[SOURCE MATERIAL]

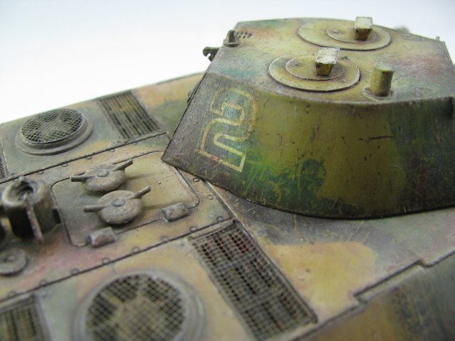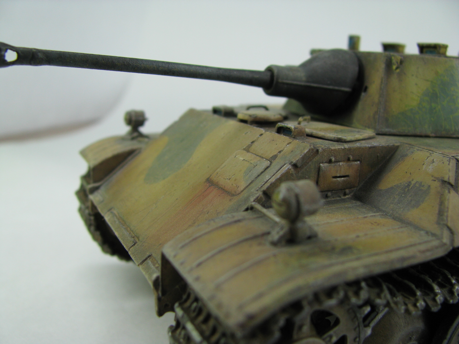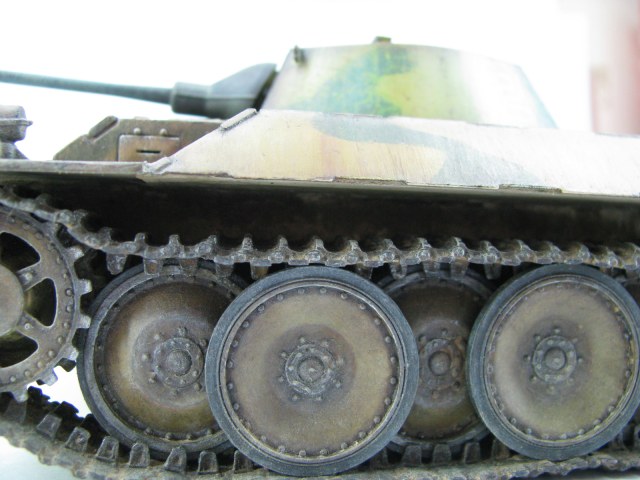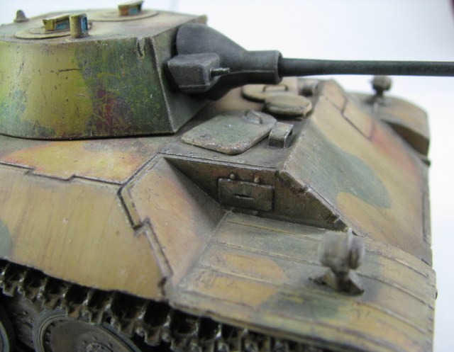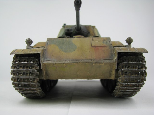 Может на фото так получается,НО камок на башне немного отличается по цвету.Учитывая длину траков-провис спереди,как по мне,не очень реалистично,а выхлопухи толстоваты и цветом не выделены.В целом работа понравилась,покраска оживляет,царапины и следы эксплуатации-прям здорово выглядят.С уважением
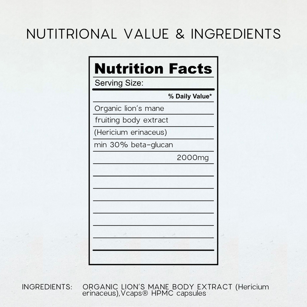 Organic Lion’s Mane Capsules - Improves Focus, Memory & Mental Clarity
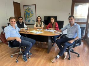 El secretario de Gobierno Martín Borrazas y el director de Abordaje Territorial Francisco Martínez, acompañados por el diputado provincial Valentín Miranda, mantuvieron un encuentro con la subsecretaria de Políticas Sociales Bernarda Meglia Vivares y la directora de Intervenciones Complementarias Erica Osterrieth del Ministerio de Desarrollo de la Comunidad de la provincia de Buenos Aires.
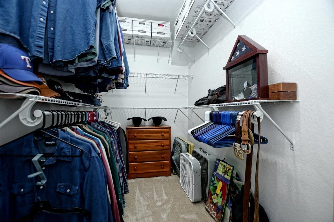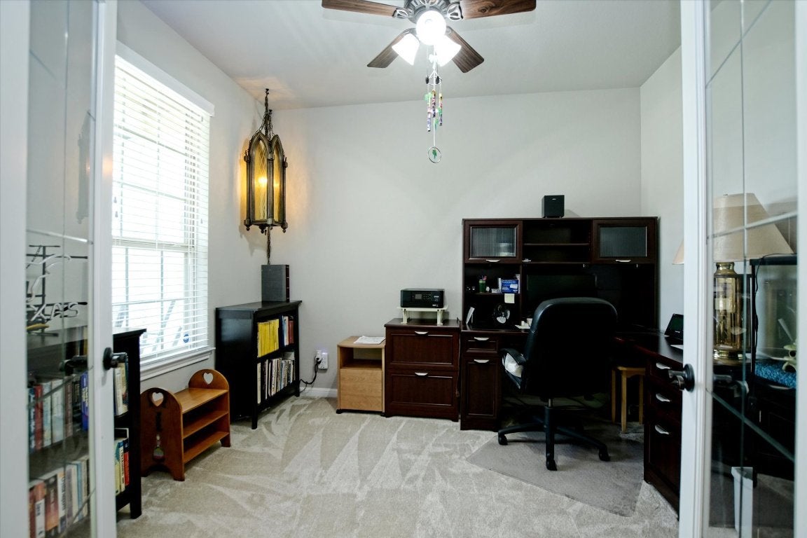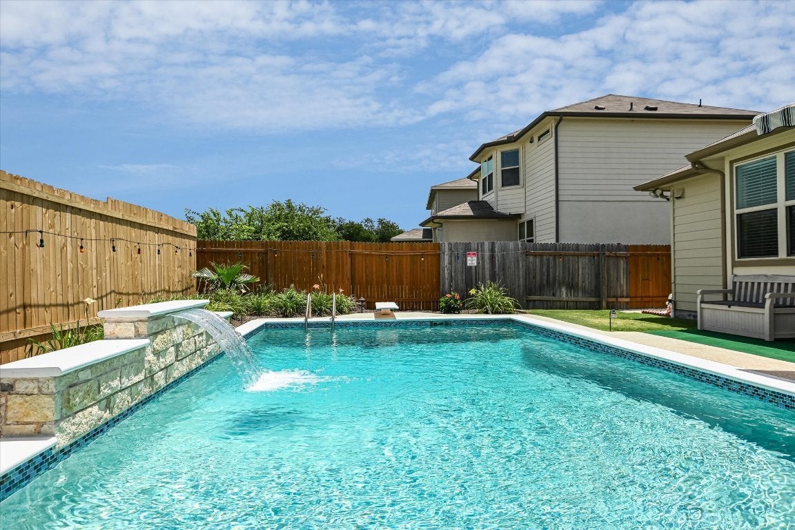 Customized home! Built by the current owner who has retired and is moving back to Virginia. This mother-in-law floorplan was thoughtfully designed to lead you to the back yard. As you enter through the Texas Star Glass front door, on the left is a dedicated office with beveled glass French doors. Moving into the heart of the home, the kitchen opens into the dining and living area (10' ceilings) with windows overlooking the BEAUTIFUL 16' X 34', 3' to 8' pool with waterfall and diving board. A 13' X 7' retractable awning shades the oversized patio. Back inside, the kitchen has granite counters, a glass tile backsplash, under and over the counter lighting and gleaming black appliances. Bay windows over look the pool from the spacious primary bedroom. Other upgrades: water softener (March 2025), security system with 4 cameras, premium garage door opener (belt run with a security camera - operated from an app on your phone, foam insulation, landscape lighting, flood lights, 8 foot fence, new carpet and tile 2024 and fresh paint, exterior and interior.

[WHAT YOU HAVE TO DO] Print the full listing exactly, dropping the pictures.

[YOUR RESPONSE]
 Может на фото так получается,НО камок на башне немного отличается по цвету.Учитывая длину траков-провис спереди,как по мне,не очень реалистично,а выхлопухи толстоваты и цветом не выделены.В целом работа понравилась,покраска оживляет,царапины и следы эксплуатации-прям здорово выглядят.С уважением
 Organic Lion’s Mane Capsules - Improves Focus, Memory & Mental Clarity
 El secretario de Gobierno Martín Borrazas y el director de Abordaje Territorial Francisco Martínez, acompañados por el diputado provincial Valentín Miranda, mantuvieron un encuentro con la subsecretaria de Políticas Sociales Bernarda Meglia Vivares y la directora de Intervenciones Complementarias Erica Osterrieth del Ministerio de Desarrollo de la Comunidad de la provincia de Buenos Aires.
 Customized home! Built by the current owner who has retired and is moving back to Virginia. This mother-in-law floorplan was thoughtfully designed to lead you to the back yard. As you enter through the Texas Star Glass front door, on the left is a dedicated office with beveled glass French doors. Moving into the heart of the home, the kitchen opens into the dining and living area (10' ceilings) with windows overlooking the BEAUTIFUL 16' X 34', 3' to 8' pool with waterfall and diving board. A 13' X 7' retractable awning shades the oversized patio. Back inside, the kitchen has granite counters, a glass tile backsplash, under and over the counter lighting and gleaming black appliances. Bay windows over look the pool from the spacious primary bedroom. Other upgrades: water softener (March 2025), security system with 4 cameras, premium garage door opener (belt run with a security camera - operated from an app on your phone, foam insulation, landscape lighting, flood lights, 8 foot fence, new carpet and tile 2024 and fresh paint, exterior and interior.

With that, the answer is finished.